_EXERCISE_
Please give back word for word the lines below, from the first one through the one with "- Кухонная мойка".

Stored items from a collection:
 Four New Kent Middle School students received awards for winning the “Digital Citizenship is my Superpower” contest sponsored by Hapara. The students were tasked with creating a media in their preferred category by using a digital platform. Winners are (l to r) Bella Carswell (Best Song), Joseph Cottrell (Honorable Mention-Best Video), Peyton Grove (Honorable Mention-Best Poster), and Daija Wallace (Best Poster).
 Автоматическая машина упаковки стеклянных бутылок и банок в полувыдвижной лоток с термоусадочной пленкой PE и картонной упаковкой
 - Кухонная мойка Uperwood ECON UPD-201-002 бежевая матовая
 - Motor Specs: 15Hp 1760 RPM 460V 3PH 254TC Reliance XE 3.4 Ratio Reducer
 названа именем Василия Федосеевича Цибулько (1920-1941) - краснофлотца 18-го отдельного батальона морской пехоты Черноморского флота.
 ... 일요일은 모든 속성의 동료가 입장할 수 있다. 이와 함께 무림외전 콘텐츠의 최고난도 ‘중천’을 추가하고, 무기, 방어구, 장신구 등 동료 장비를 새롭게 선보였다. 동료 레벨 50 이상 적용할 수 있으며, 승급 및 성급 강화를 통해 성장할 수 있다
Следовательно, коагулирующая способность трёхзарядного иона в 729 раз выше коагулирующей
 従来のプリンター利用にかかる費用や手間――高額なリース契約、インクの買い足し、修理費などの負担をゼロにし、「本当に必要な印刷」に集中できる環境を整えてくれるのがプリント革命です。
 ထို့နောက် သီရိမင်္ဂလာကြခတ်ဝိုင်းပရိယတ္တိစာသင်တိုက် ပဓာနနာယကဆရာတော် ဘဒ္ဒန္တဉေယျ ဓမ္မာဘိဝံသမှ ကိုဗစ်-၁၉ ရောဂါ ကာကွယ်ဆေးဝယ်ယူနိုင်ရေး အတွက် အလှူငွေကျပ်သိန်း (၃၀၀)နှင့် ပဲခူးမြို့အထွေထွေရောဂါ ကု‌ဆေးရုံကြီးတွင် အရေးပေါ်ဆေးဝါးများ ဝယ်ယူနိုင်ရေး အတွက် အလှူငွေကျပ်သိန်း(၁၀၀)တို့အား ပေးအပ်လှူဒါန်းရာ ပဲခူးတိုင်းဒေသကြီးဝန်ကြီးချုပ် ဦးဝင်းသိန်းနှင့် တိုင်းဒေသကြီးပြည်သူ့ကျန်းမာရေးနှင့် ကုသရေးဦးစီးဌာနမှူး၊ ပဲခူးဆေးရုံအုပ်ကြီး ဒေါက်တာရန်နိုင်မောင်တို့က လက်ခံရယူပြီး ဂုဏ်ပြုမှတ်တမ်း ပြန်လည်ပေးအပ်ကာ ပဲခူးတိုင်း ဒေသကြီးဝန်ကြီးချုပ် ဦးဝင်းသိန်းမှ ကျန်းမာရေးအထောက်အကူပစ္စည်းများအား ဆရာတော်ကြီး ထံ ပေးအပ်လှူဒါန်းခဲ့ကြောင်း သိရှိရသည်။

_TASK RESPONSE_
 Four New Kent Middle School students received awards for winning the “Digital Citizenship is my Superpower” contest sponsored by Hapara. The students were tasked with creating a media in their preferred category by using a digital platform. Winners are (l to r) Bella Carswell (Best Song), Joseph Cottrell (Honorable Mention-Best Video), Peyton Grove (Honorable Mention-Best Poster), and Daija Wallace (Best Poster).
 Автоматическая машина упаковки стеклянных бутылок и банок в полувыдвижной лоток с термоусадочной пленкой PE и картонной упаковкой
 - Кухонная мойка Uperwood ECON UPD-201-002 бежевая матовая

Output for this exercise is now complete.